Testing for Unix commands on the path in Ruby
Recently we needed to run some tests against our application. However, the application shells out and uses a couple of Unix commands to do some of its work - commands that were not installed on my dev box at the time. Rather than ignoring failing tests (something, like ignoring warnings, I find really hard to do) I thought I should alter the tests to only run if the Unix command was present. After some discussion with Peter he came up with the following syntax:
using :some_command do
some_work
end
Pretty nice - if some_command is available then the block is executed, otherwise nothing happens.
(By the way, the code below is (c) 2007 Rahoul Baruah and is available under the LGPL and is not the same as the code that actually made it into our application. [Legal stuff over])
require 'open3'
module UnixTools
def using command
raise "USING: you must supply a block when calling using" unless block_given?
installed = false
Open.popen3("which #{command.to_s}") do | stdin, stdout, stderr |
line = stdout.readline.chomp
expression = Regexp.new "(.)*no #{command.to_s} in(.)*"
installed = !expression.match line
end
return (installed ? yield : false)
end
end
Stick this in a file called "unix_tools.rb" in your lib folder, make sure which is on your path and use!
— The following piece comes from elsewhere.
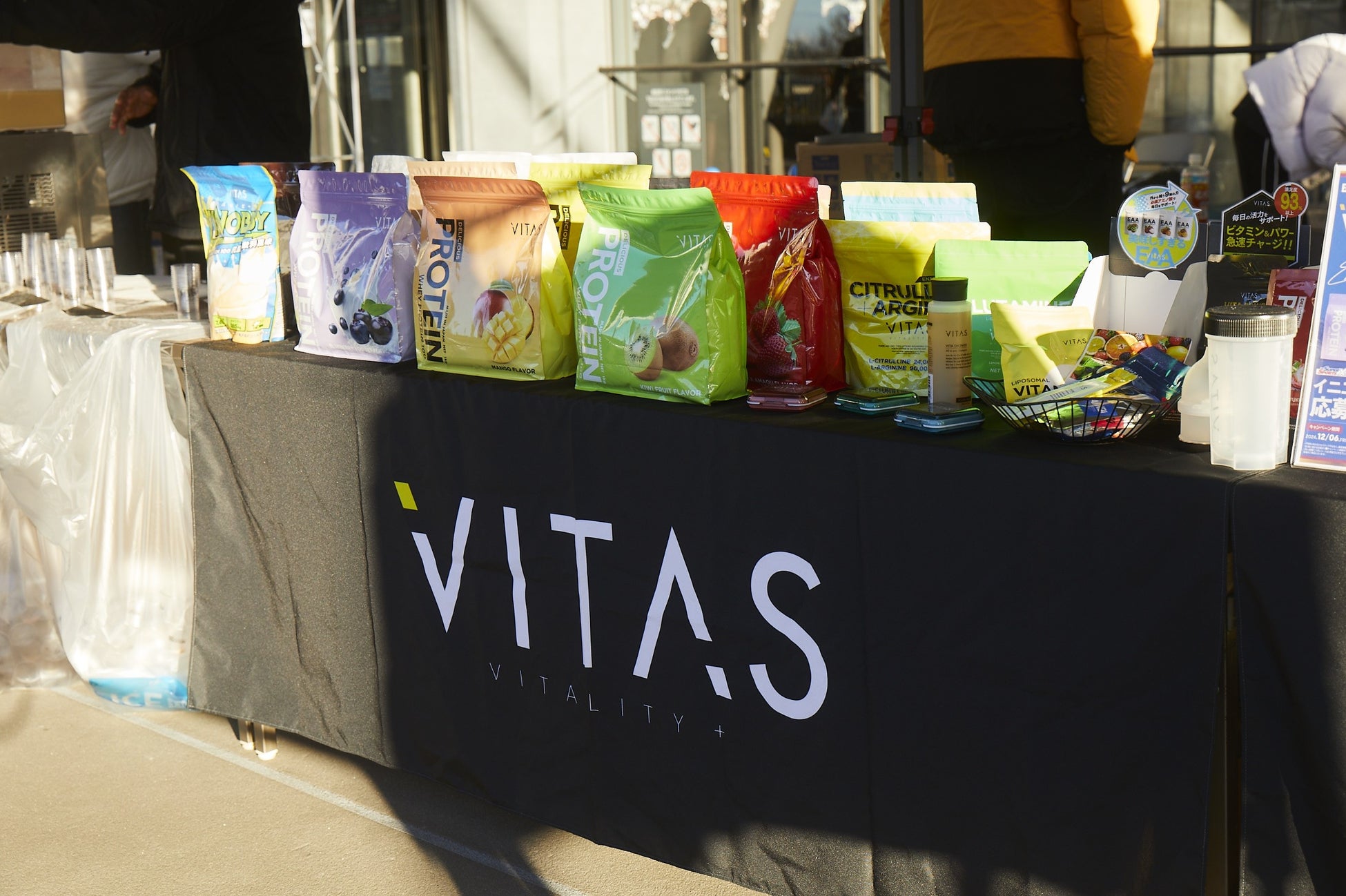 当日、VITAS は現地会場内に試飲&物販ブースを設置。試飲は、約1か月前に発売した子ども向け成長サポート飲料「バイノビー」と、ブルーベリーヨーグルト風味のプロテインの2種を用意しました。

One caveat - Peter started getting EOFs - because he was using the version of which that came with Fink. which on OSX returns "no COMMAND in $PATH", which on CentOS returns "/usr/bin/which: no COMMAND in $PATH" but which in Fink returns EOF. As soon as he switched to /usr/bin/which it worked fine. YMMV, as ever.
1 comment:
Well, you say I came up with the syntax, as I remember it, it came out of a group discussion. Still, thanks for the quote.